### ASSIGNMENT
In the data below, set down exactly the lines from the one containing "进入古文诵读环节,舞台呈现令" up to and including the one containing "I have a heavily". Leave the pictures out.

### SOURCE INFORMATION
------------
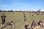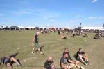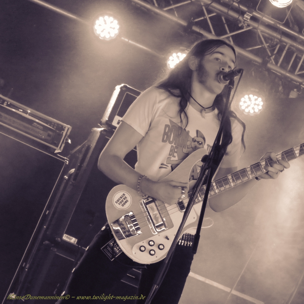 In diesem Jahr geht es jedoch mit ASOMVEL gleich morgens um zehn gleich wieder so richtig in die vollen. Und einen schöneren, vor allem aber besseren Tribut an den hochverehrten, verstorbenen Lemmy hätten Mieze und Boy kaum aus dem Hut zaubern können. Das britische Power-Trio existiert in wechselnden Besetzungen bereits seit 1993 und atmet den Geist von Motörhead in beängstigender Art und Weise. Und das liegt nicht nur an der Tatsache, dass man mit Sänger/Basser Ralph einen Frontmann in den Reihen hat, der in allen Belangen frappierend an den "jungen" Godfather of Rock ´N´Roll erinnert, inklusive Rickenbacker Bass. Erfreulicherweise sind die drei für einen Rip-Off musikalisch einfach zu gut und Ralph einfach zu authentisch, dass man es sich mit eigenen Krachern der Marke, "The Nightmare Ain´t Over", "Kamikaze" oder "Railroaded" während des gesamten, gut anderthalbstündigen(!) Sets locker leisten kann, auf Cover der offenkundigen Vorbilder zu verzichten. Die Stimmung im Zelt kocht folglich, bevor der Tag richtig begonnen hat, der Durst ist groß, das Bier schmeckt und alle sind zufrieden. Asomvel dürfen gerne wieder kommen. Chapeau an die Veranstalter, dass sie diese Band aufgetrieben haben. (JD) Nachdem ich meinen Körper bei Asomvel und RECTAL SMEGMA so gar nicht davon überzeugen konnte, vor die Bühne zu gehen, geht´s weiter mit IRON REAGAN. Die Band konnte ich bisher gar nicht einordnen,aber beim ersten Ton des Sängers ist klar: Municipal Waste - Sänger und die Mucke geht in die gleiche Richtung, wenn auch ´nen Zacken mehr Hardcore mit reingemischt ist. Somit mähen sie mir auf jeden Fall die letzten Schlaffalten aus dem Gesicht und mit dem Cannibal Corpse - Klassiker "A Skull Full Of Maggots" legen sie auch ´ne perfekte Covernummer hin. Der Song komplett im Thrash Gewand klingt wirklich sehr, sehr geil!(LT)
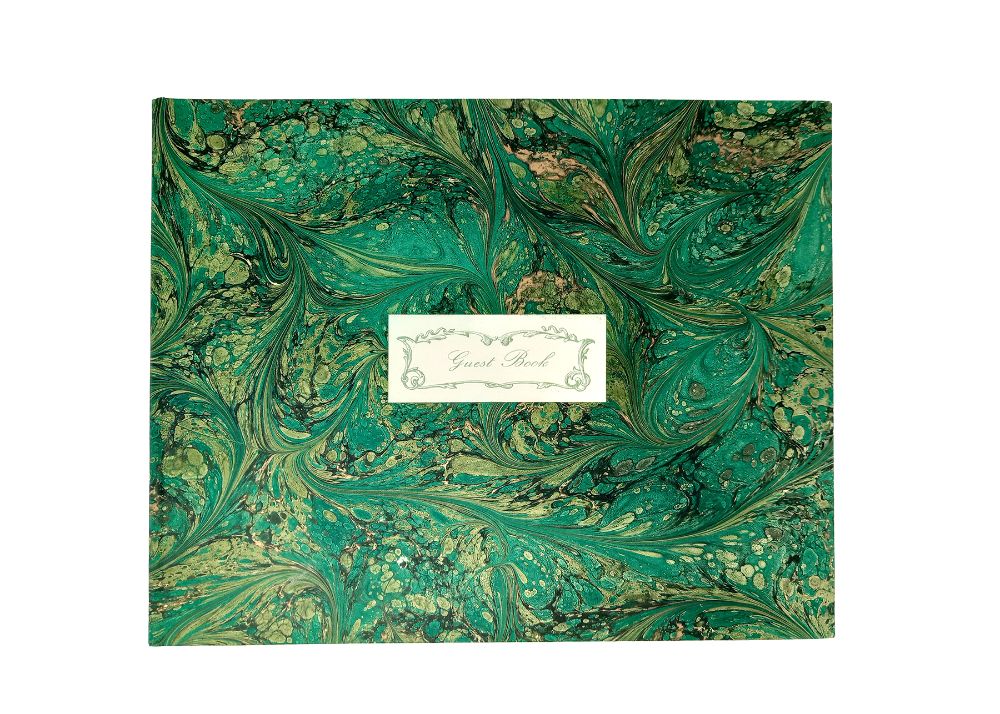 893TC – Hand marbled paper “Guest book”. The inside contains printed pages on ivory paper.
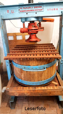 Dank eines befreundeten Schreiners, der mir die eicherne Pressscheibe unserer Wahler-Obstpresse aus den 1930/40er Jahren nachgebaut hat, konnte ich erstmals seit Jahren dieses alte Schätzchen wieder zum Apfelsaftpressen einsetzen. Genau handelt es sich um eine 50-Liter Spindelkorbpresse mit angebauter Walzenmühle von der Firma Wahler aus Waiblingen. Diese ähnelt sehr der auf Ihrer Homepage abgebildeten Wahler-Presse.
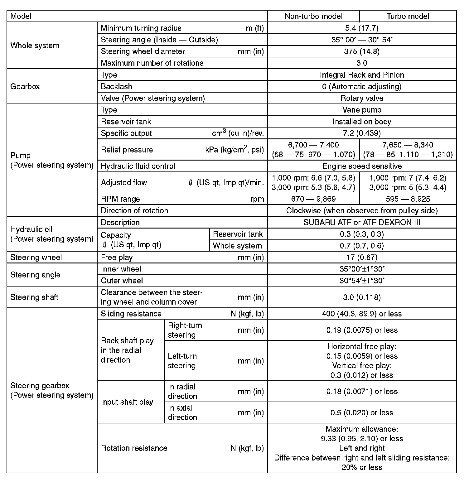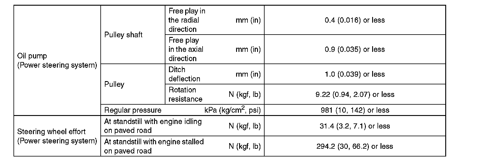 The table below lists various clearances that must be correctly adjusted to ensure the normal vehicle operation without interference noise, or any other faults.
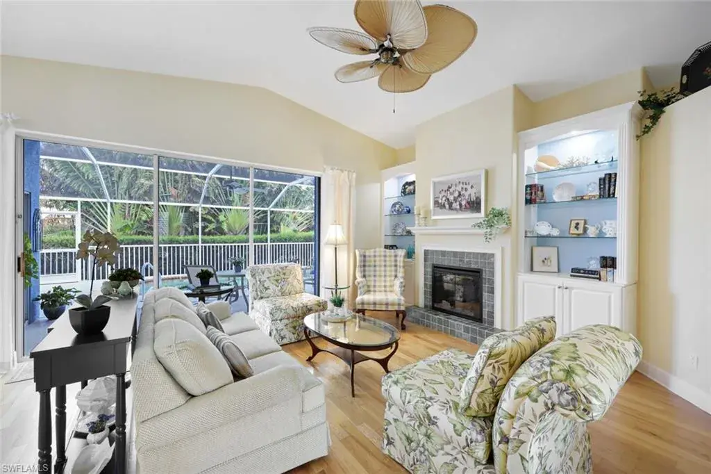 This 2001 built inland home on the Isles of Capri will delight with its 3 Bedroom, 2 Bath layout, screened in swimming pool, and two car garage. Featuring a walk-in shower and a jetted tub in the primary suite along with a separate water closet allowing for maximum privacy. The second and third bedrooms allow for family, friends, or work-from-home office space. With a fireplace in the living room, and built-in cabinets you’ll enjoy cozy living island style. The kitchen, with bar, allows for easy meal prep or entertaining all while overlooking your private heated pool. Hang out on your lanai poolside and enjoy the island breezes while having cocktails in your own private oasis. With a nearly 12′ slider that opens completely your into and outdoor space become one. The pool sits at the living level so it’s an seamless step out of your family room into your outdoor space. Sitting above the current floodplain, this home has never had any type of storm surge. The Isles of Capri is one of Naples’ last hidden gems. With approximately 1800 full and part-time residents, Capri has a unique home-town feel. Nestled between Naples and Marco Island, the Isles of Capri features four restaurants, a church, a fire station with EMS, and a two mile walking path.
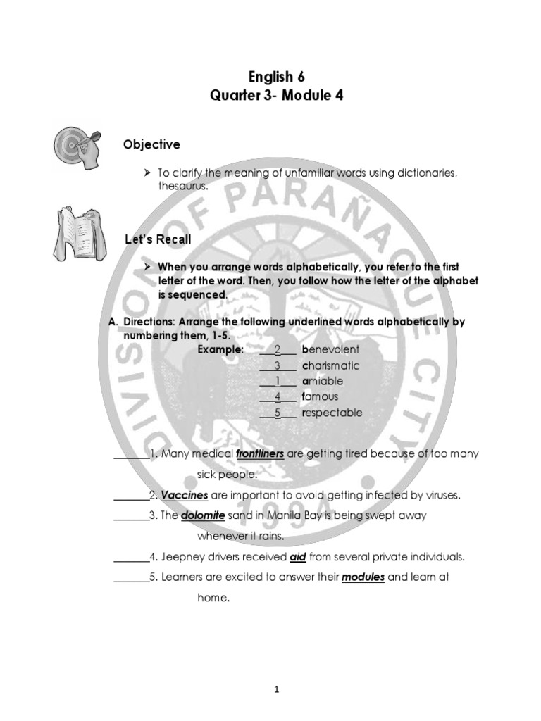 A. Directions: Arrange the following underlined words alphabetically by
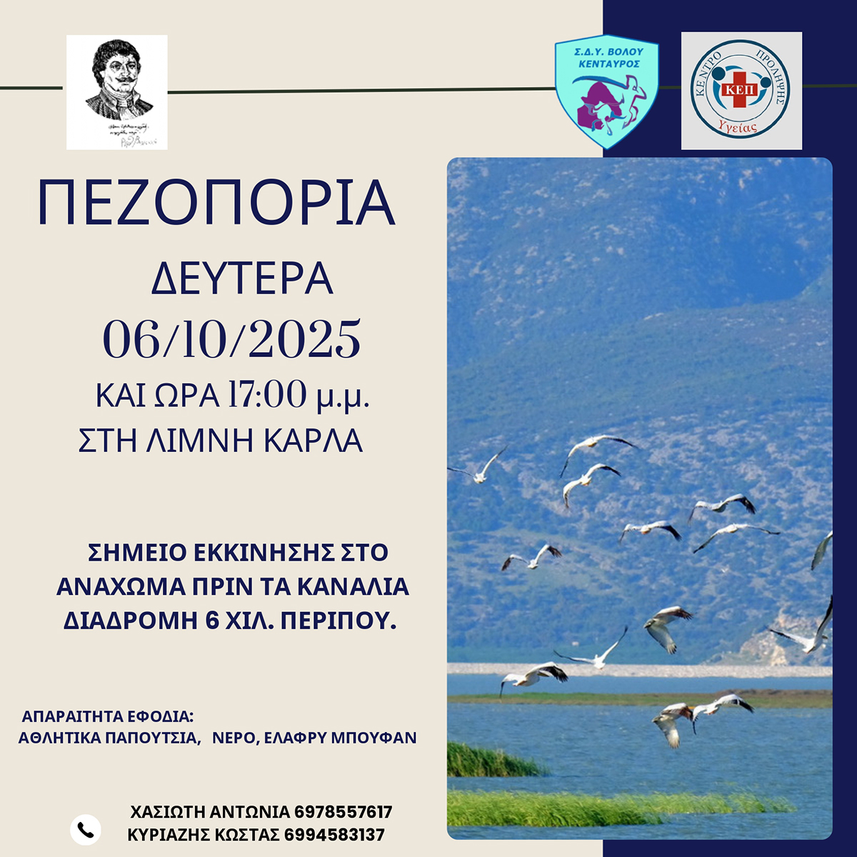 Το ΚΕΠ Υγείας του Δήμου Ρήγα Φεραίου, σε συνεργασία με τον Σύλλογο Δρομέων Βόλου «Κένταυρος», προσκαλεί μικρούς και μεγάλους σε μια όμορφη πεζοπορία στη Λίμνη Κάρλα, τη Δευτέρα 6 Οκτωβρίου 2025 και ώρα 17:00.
------------
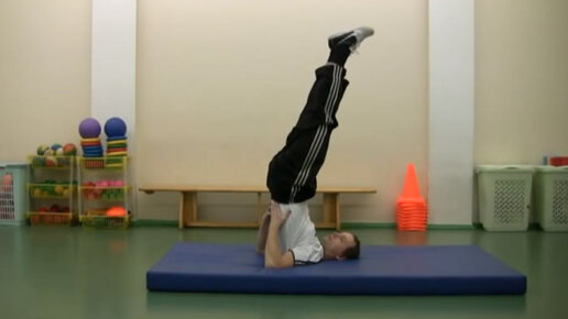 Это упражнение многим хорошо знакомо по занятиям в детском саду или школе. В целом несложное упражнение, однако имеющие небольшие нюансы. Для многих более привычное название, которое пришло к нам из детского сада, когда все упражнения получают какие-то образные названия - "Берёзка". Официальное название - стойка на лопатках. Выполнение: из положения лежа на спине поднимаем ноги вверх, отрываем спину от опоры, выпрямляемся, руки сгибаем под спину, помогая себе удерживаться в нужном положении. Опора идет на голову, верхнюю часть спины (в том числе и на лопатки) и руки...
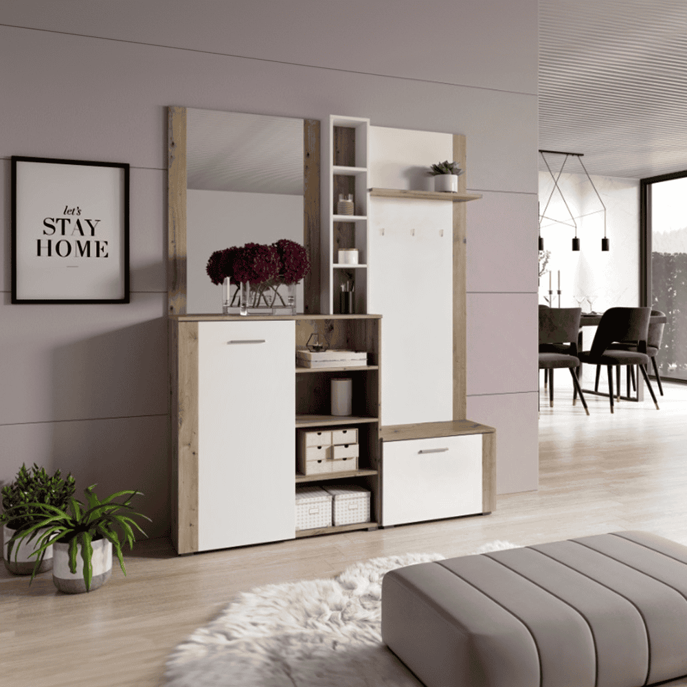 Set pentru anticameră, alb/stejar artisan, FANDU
------------
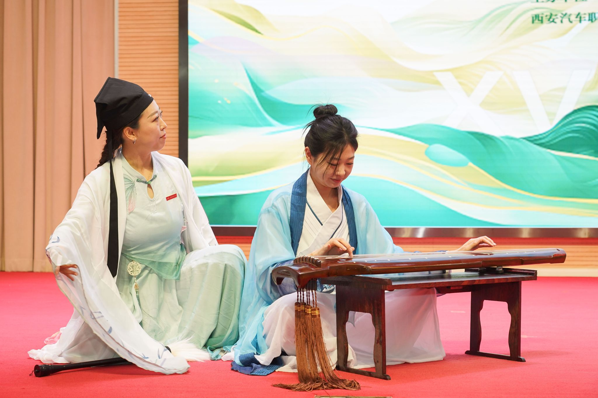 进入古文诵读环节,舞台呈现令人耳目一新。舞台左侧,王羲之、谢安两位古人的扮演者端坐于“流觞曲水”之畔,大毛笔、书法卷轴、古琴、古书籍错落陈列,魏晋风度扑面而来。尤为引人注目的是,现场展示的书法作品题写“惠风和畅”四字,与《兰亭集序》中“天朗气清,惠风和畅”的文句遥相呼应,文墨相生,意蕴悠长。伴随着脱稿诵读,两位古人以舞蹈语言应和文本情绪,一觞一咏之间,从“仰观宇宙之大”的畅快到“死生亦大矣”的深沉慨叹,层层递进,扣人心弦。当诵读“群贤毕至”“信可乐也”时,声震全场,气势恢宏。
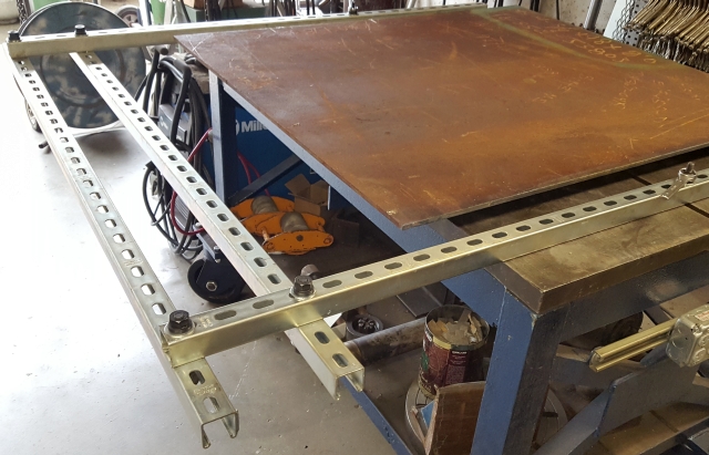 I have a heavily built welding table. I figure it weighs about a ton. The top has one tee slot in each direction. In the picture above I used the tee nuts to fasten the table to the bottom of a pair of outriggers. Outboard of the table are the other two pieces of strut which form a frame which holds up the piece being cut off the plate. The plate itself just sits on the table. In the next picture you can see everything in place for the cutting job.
------------
### EXERCISE ANSWER
 进入古文诵读环节,舞台呈现令人耳目一新。舞台左侧,王羲之、谢安两位古人的扮演者端坐于“流觞曲水”之畔,大毛笔、书法卷轴、古琴、古书籍错落陈列,魏晋风度扑面而来。尤为引人注目的是,现场展示的书法作品题写“惠风和畅”四字,与《兰亭集序》中“天朗气清,惠风和畅”的文句遥相呼应,文墨相生,意蕴悠长。伴随着脱稿诵读,两位古人以舞蹈语言应和文本情绪,一觞一咏之间,从“仰观宇宙之大”的畅快到“死生亦大矣”的深沉慨叹,层层递进,扣人心弦。当诵读“群贤毕至”“信可乐也”时,声震全场,气势恢宏。
 I have a heavily built welding table. I figure it weighs about a ton. The top has one tee slot in each direction. In the picture above I used the tee nuts to fasten the table to the bottom of a pair of outriggers. Outboard of the table are the other two pieces of strut which form a frame which holds up the piece being cut off the plate. The plate itself just sits on the table. In the next picture you can see everything in place for the cutting job.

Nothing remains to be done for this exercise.